» Data segment
########

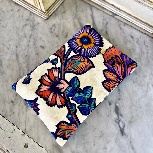 Elle est réalisée avec nos tissus d’ameublement robuste. Son intérieur est en coton noir. Elle se ferme simplement par bouton pression doré.
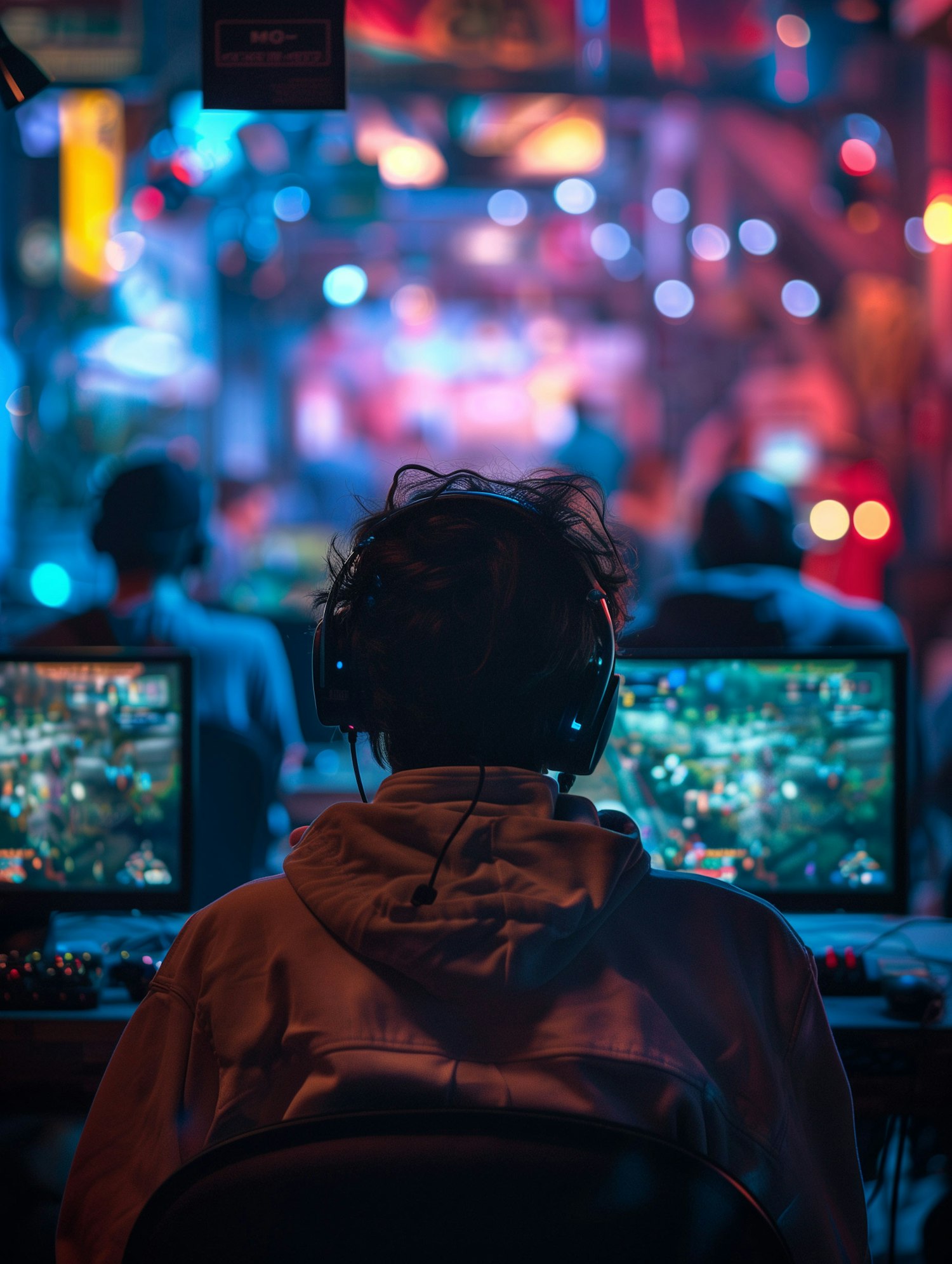 Gamer immersed in a video game at a neon-lit event, wearing headphones and a white hoodie, surrounded by vibrant colors and screens.
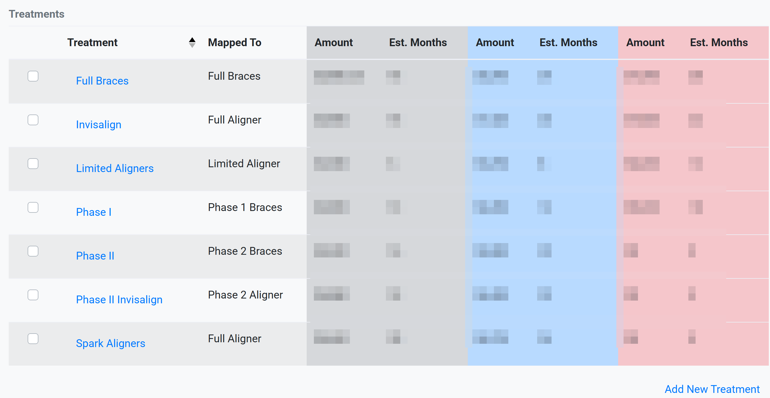 You may have multiple treatments for any treatment type, for example Full Adult, Full Child, Invisalign and Sparks. Click Save.

########

» Goal of the exercise
With the pictures removed, copy the data above word for word.

» Result
 Elle est réalisée avec nos tissus d’ameublement robuste. Son intérieur est en coton noir. Elle se ferme simplement par bouton pression doré.
 Gamer immersed in a video game at a neon-lit event, wearing headphones and a white hoodie, surrounded by vibrant colors and screens.
 You may have multiple treatments for any treatment type, for example Full Adult, Full Child, Invisalign and Sparks. Click Save.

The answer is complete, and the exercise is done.